Home > Careers > Graduate view: How I’m enterprising my way into journalism

Graduate view: How I’m enterprising my way into journalism

Wannabe hack Nick Petrie has discovered a wealth of opportunity on the web for aspiring journalists who want to do their own thing. And he’s not alone

Journos are doing it for themselves: Dave Lee has launched The Olympic Borough – a hyperlocal blog looking at the effect the Olympics has on local communities. Photograph: EPA

I want to be my own boss and I want to to work in journalism. I realised this a while ago and I am convinced the current economic climate provides the perfect opportunity for all those people like me to throw caution to the wind, put pen to paper (or should that be fingers to the keyboard) and hit the ground running.

I am not the only one, if you take a step outside the world of Fleet Street there is a budding entrepreneurial undercurrent sweeping its way through the soft under-developed belly of journalism. Where some established newspapers have been slow to embrace and adapt to a world built around the internet – new projects are being built for it.

There are new tools being built too, new discourses framing the never-ending “what is a journalist/journalism” question. There are also new buzzwords that have not yet been so overused they carry no meaning anymore (such as innovation): hyperlocal, crowdsourcing and niche journalism. We talk of communities rather than readers, content engagement rather than content delivery.

The concepts behind these words are important because they redefine how people engage with journalism.

So what does it take to run your own project? Can anyone just drop what they are doing and start? In answer to the second question: well, yes (you don’t even have to stop what you are already doing). In answer to the first; it takes a range of skills both technical and not and the ability to self motivate and take on new challenges.

Dave Lee, who runs The Olympic Borough – a hyperlocal blog looking at the effect of the Olympics on local communities – said that starting the project was perfect for him: “I live here [East London], I’m interested in sport, and I’m fascinated by the effect sport has on communities.”

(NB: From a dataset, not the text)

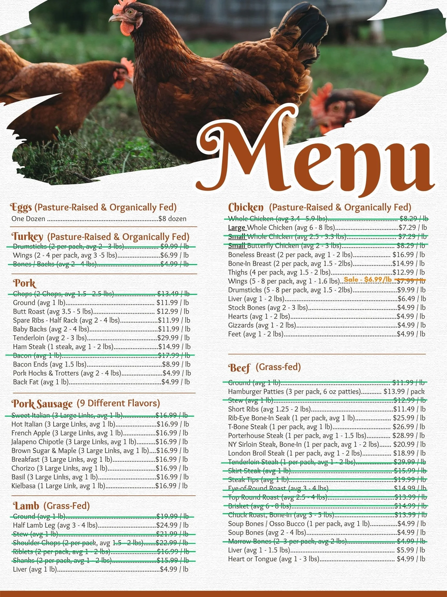 Items are on a first come, first serve basis until it sells out. Our existing/regular customers who have previously shopped with us & our CSA Share members are also served first. We try to accommodate everyone as best as possible and we try our best to keep our menu updated regularly as items sell out.

Dave currently runs the project on his own so he doesn’t have to contend with a potential stumbling block; that of working with mates. Joseph Stashko, one of the team at Blog Preston – another hyperlocal is run by a small team including Andy Hall – has said that it can be weird sometimes: “I do feel a bit strange if I ask them to do something; I don’t like being a ‘boss’ in that sense, but I guess that’s only because most of them were friends first and then co-workers later. It’s never caused any problems, if anything the fact that I get on and socialise with a lot of the people I work with only helps.”

This is similar to how things work at Wannabe Hacks (my current project), where the team has gone from friends to project co-workers. The trick is to set out some rules early on; determine who is responsible for what aspects of the project and then to check up on each other.

You also cannot be precious about ideas and suggested directions for the project. Taking criticism from friends is a steep learning curve, but one you will do well to master as quickly as possible.

The technical side of your project is important too, and although this is getting easier everyday you should will do well to spend some time with the software / services you use so that you have a solid understanding of the tech that backs up your project.

Hacks, Blog Preston and The Olympic Borough all use a combination of WordPress and Google Apps as the front-end and backbone on which their projects function. They are by no means the only options, but they are quickly becoming the tools of choice for a combination of low cost, high functionality and reliability.

The other key for success to those of you looking to start something of your own is motivation and commitment, Ed Walker (who founded Blog Preston) was spending 15-20 hours a week on it. Dave spends “about an hour a day” on his side project and the Hacks probably an hour to three each, everyday.

When asked about motivation Ed said: “We’re building a community around what we do and that’s a very hard thing to give up on.” That is a feeling I can second; we have seen a clear demand for the content we are producing and walking away from that, despite the challenges we are sure to face is not a thought we are prepared to entertain for long.

At Wannabe Hacks the motivation comes from the response we have received, the skills we are learning and perfecting and the opportunities that are presenting themselves.

Some of the Hacks have been offered various pieces of freelance work from the project, those doing the MA have found they have a strong basic knowledge in many areas being covered.

Skills such as extensive time management, forward planning, a strong knowledge of content management systems and social media engagement and promotion are all incredibly useful.

You need to know very little to actually get started and what you do not already know you learn along the way – motivation, commitment and thinking outside of the box are far more important.

My final piece of advice, as we were once told: “Just get started. Tomorrow.”